__About this task__. Repeat the following data exactly, omitting pictures.

☆ ☆ ☆

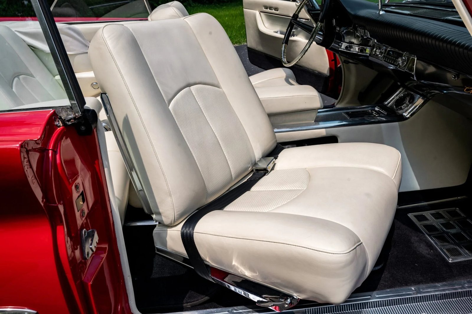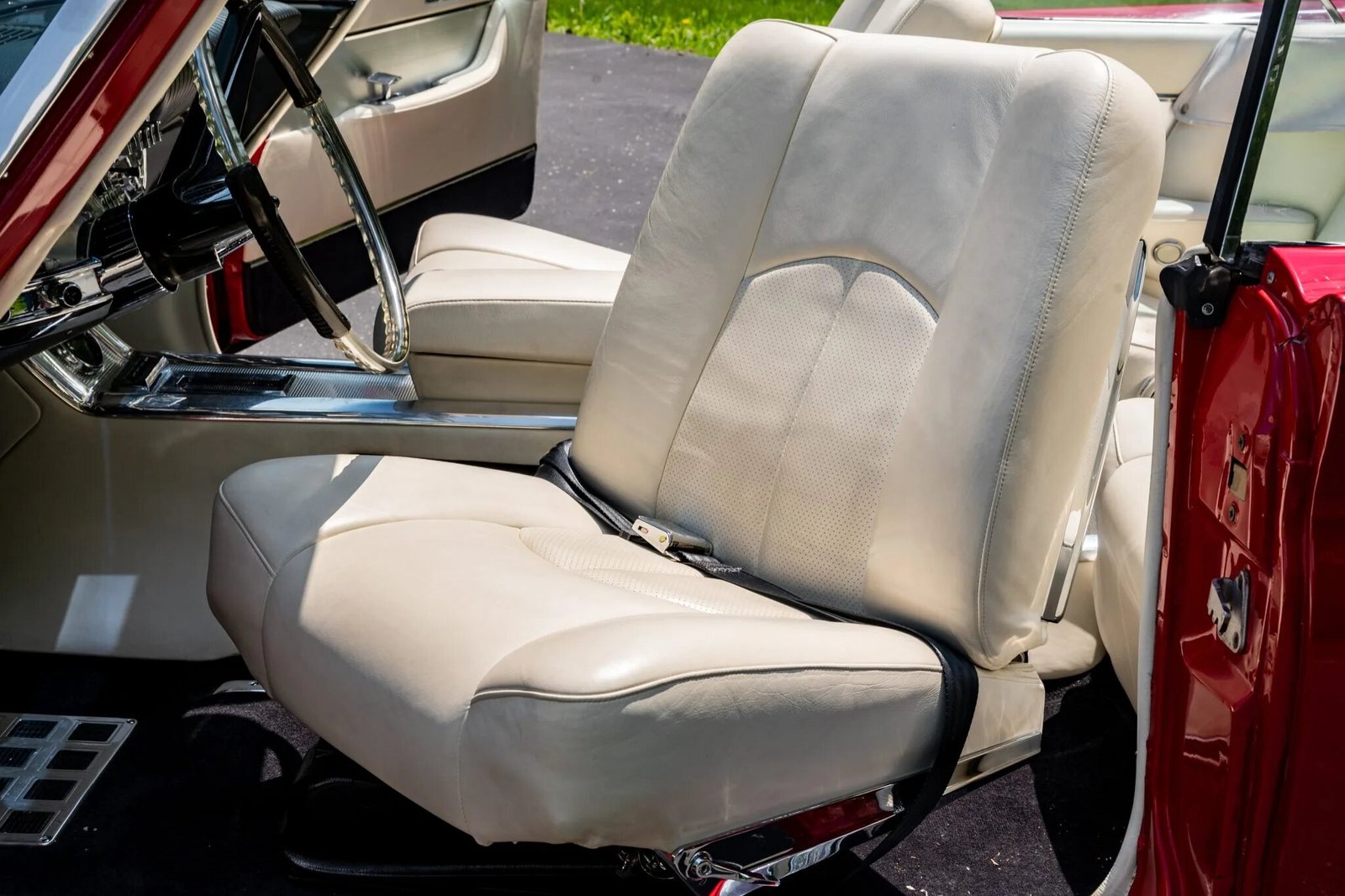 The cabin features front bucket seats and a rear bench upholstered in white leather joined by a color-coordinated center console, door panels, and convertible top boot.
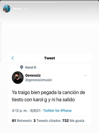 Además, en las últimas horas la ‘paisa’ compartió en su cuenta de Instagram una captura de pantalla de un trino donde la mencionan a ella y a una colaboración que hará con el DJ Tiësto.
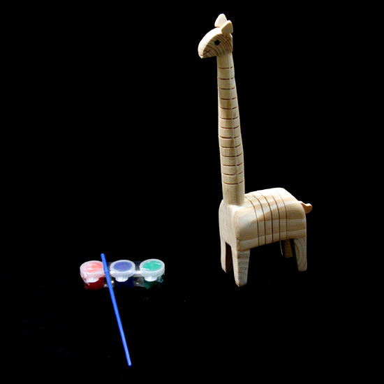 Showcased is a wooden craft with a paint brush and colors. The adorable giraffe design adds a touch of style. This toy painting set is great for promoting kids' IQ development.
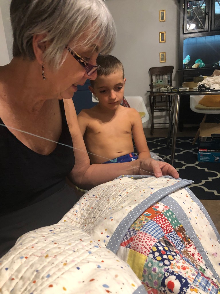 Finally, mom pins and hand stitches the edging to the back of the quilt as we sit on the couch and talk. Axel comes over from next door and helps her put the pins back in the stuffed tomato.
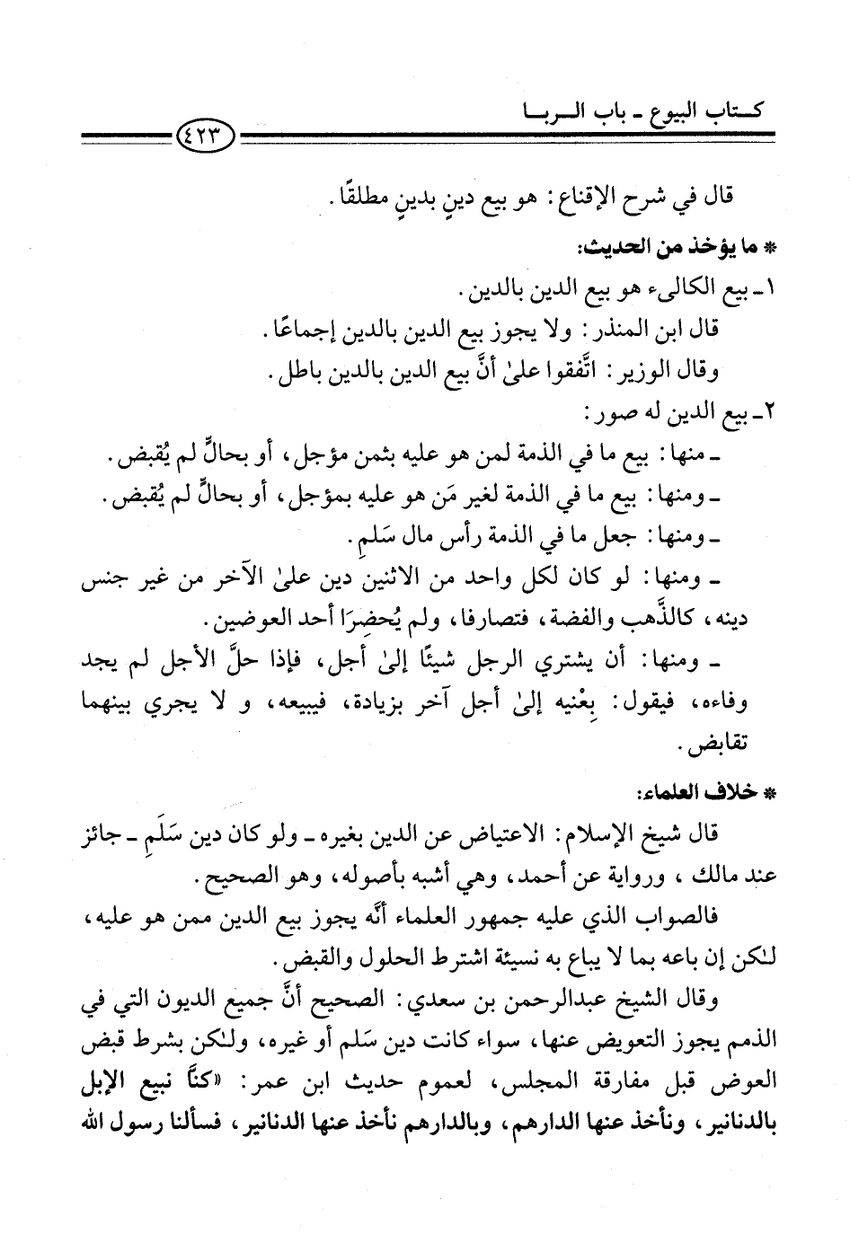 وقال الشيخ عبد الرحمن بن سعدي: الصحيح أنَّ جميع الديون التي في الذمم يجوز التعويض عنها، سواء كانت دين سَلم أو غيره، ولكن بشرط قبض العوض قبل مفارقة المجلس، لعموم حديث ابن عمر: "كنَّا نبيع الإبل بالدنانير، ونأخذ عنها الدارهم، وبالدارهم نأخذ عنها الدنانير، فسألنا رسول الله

☆ ☆ ☆

__Solution to this exercise__.
 The cabin features front bucket seats and a rear bench upholstered in white leather joined by a color-coordinated center console, door panels, and convertible top boot.
 Además, en las últimas horas la ‘paisa’ compartió en su cuenta de Instagram una captura de pantalla de un trino donde la mencionan a ella y a una colaboración que hará con el DJ Tiësto.
 Showcased is a wooden craft with a paint brush and colors. The adorable giraffe design adds a touch of style. This toy painting set is great for promoting kids' IQ development.
 Finally, mom pins and hand stitches the edging to the back of the quilt as we sit on the couch and talk. Axel comes over from next door and helps her put the pins back in the stuffed tomato.
 وقال الشيخ عبد الرحمن بن سعدي: الصحيح أنَّ جميع الديون التي في الذمم يجوز التعويض عنها، سواء كانت دين سَلم أو غيره، ولكن بشرط قبض العوض قبل مفارقة المجلس، لعموم حديث ابن عمر: "كنَّا نبيع الإبل بالدنانير، ونأخذ عنها الدارهم، وبالدارهم نأخذ عنها الدنانير، فسألنا رسول الله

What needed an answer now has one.